W dniach 8-10 marca w parafii św. Antoniego na toruńskich Wrzosach odbyły się diecezjalne rekolekcje wielkopostne Domowego Kościoła. Słowo Boże kierował do nas diecezjalny duszpasterz młodzieży ks. Dawid Wasilewski. Trzeba przyznać, że ma on w sobie wiele energii oraz charyzmy.
Podczas czwartkowej homilii, która odnosiła się do Ewangelii Łk 11, 14-23 przedstawił nam trzy rodzaje duchów, które wywierają wpływ na nasze życie. Pierwszy to Szatan, drugi to duch przyrodzony, czyli wszelkie nasze nawyki, przyzwyczajenia oraz codzienna rutyna. Trzeci to Duch Święty. Pozostaje pytanie: którym duchem napełniamy się? Ile ma Duch Boży w nas miejsca na działanie? Na zakończenie pierwszego dnia rekolekcji mogliśmy zatrzymać się na chwilę w adoracji Najświętszego Sakramentu. Spotkanie z Żywym Bogiem ksiądz rekolekcjonista poprzedził krótkim wprowadzeniem, zwracając naszą uwagę aby wystrzegać się zagadywania Pana Boga. Aby po prostu być, trwać i stracić czas dla Boga. Tylko na Niego patrząc. Przed rozejściem się do domu, małżonkowie oraz pojedynczy wierni otrzymali indywidualne błogosławieństwo Najświętszym Sakramentem.

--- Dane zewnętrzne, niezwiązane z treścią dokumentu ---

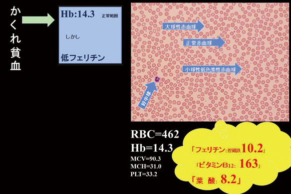 経過:血液生化学検査にて低フェリチン(10.2)と血色素(Hb:14.3)は正常である事から典型的な「潜在性の鉄欠乏」と診断。これは「かくれ貧血」とも呼ばれます。貧血治療指針1),2)によるとフェリチン値は12.0未満ですから治療対象です。ビタミンB12欠乏の自覚症状(鹿児島市医報,第56巻第7号,47ぺージを参照)を複数認め,ビタミンB12を検査したところ,163pg/mL(基準値180-914)と著明に低値。その後,鉄剤治療開始と同時にビタミンB12投与し,治療開始。1カ月後には体調回復しています。
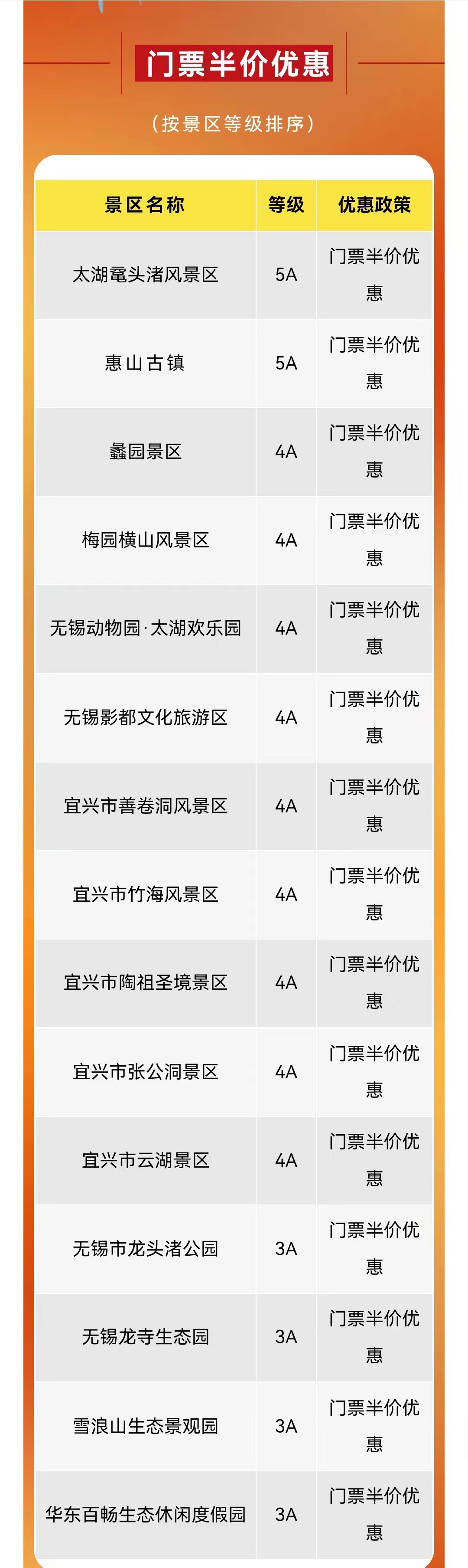 门票半价优惠景区名单

Drugiego dnia na podstawie Ewangelii (Mk 12, 28-34) kapłan postawił tezę, że pierwszym przykazanie jest „Słuchaj Izraelu”. Tylko wtedy, gdy będziemy słuchać Słowa – to znaczy akceptować je – wówczas będziemy w stanie miłować Boga i bliźniego. Bezpośrednio po Mszy Świętej rozpoczęło się nabożeństwo Drogi Krzyżowej, w której poza wspólnotą Domowego Kościoła licznie uczestniczyli parafianie. Ksiądz Dawid powiedział, że Pan Jezus ma już swoją drogę krzyżową za sobą. W czasie Wielkiego Postu należy zwrócić uwagę na swój krzyż, który każdy z nas dźwiga i dla tych naszych złych skłonności, przyzwyczajeń, problemów umrzeć – tak, jak Chrystus – aby one nie brały góry nad Bogiem.
W sobotę, ostatniego dnia rekolekcji na podstawie przypowieści o Faryzeuszu i Celniku (Łk 18 9-14) Rekolekcjonista podjął temat pokory. Celnik został usprawiedliwiony zaś faryzeusz usprawiedliwił się sam. Celnik wiedział do czego jest zdolny, w czym zawinił i przeprasza Boga. Faryzeusz wywyższał siebie przez porównanie z innymi. Jest to wielka pokusa dla każdego z nas. W uniżeniu rodzi się relacja miłości bezwarunkowej. To nie my będziemy kochać, lecz Bóg w przez nas.
Trzydniowy cykl spotkań, jak zwykle zwieńczyła agapa. Rozpoczęła się krótkim filmem z pielgrzymi śladami sługi Bożego ks. Franciszka Blachnickiego, która odbyła się na przełomie września i października ubiegłego roku. Warto w tym miejscu zachęcić, aby każdy z naszej wspólnoty znalazł czas na zapoznanie się z życiorysem ks. Franciszka Blachnickiego i lekturę jego publikacji i książek. Jak agape to spotkanie ze znajomymi i przyjaciółmi, którzy przyjechali z różnych stron naszej diecezji. Zawsze jest to niezwykle miłe, gdy możemy się spotkać, wymienić różnymi doświadczeniami i pobyć ze sobą.
To był piękny czas, za który bardzo dziękujemy ks. Dawidowi Wasilewskiemu, a także wszystkim zaangażowanym w rekolekcje. Bo każdy kto słucha Słowa i wciela je w życie jest nie tylko współuczestnikiem ale i twórcą.